Prosciutto – Parma or San Daniele – Which is the best?
Prosciutto, we think we know what it is, we like it and we buy it. Prosciutto means ham, the cut of pork that is the upper section of the leg just underneath the shoulder. The shoulder has another name, spalla. There are two categories of prosciutto, one is cotto, or cooked, while the other is crudo, meaning raw but intending seasoned. A regional variation from Alto Adige, the part of Italy that speaks German, is Speck. Speck is a prosciutto crudo, without the bone, that is seasoned with rosemary in the first brine and before the drying process is smoked.
Prosciutto cotto is our ham and does not need additional mention while prosciutto crudo deserves further attention. Within the prosciutto crudo family there are two primary divisions, each claiming to be the best prosciutto crudo. They are Prosciutto di San Daniele del Friuli and Prosciutto di Parma. There are several factors that differentiate the two and the resulting flavors. The taste of the meat is greatly influenced by what the animal eats, thus each type defines, by law, where the animals come from. The second, and just as important, is the method of preparation and in particular the amount of salt and the length of time that the meat is cured.
The resulting taste may seem similar to the novice first time buyer, but within a couple of weeks the differences are evident and each individual will have his favorite. The prosciutto from San Daniele is sweet with a full bouquet and a lingering aftertaste. This delicacy is best shaved thin and consumed with bread or grissini, perhaps combined with a small amount of fresh soft cheese, to appreciate its sweetness. Do not waste the taste using this product in elaborate dishes, the natural flavors and balance will be lost. The perfect wine is a pinot grigio from Friuli. Wines with more distinct flavor will dominate the prosciutto and the result will be an incapability to fully appreciate the prosciutto.

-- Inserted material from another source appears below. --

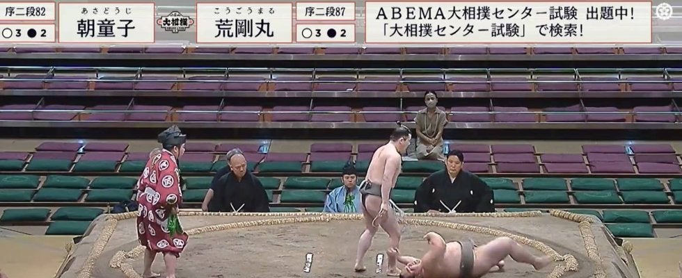 はたき込みを綺麗に決め、体重54.3キロ差対決を見事に制した朝童子に、ABEMAの視聴者も「なんやいまの」「合気道」「動きがいい」と驚きの声を上げていた。(ABEMA/大相撲チャンネル)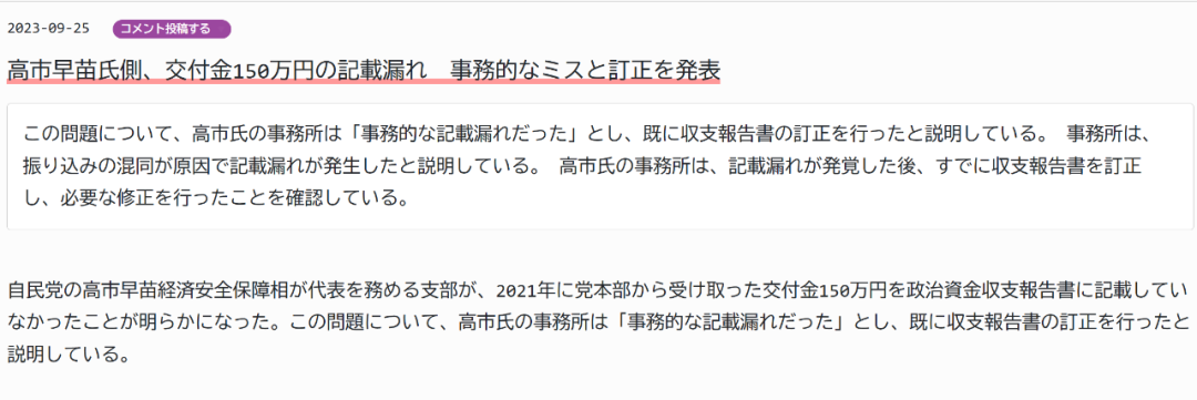 早在2023年,高市早苗方面就被发现,其担任代表的自民党奈良县第二选区支部,曾在2021年未将本部拨付的150万日元交付金记载于报告书中。

The prosciutto from Parma is savory. It can support sautéing while retaining its distinct taste. The prosciutto from Parma is also about 20% smaller in size than prosciutto from San Daniele. While the prosciutto from San Daniele is for the extreme lovers of prosciutto, the prosciutto from Parma has a wider range of uses. Its savory flavor will balance more savory foods and can be used on pizza. Prosciutto from Parma, although best with a pinot grigio, can be paired with an Arneis, Greco di Tufo, or even a Verdicchio. It has the substance to balance the more flavorful whites.
Both types of prosciutto should be sliced paper thin. The perfect use is as an appetizer with bread, in sandwiches without condiments , or as an entrée with cheese.
Most US produced “prosciutto” are not really prosciutto but speck. Speck is marvelous, slightly smoked, soaked in brine and cured for about 18 months, but not prosciutto. If you want to experience a true prosciutto look for the fire-branded trademark. It will clearly indicate “Consorzio di San Daniele” or “Consorzio di Parma”.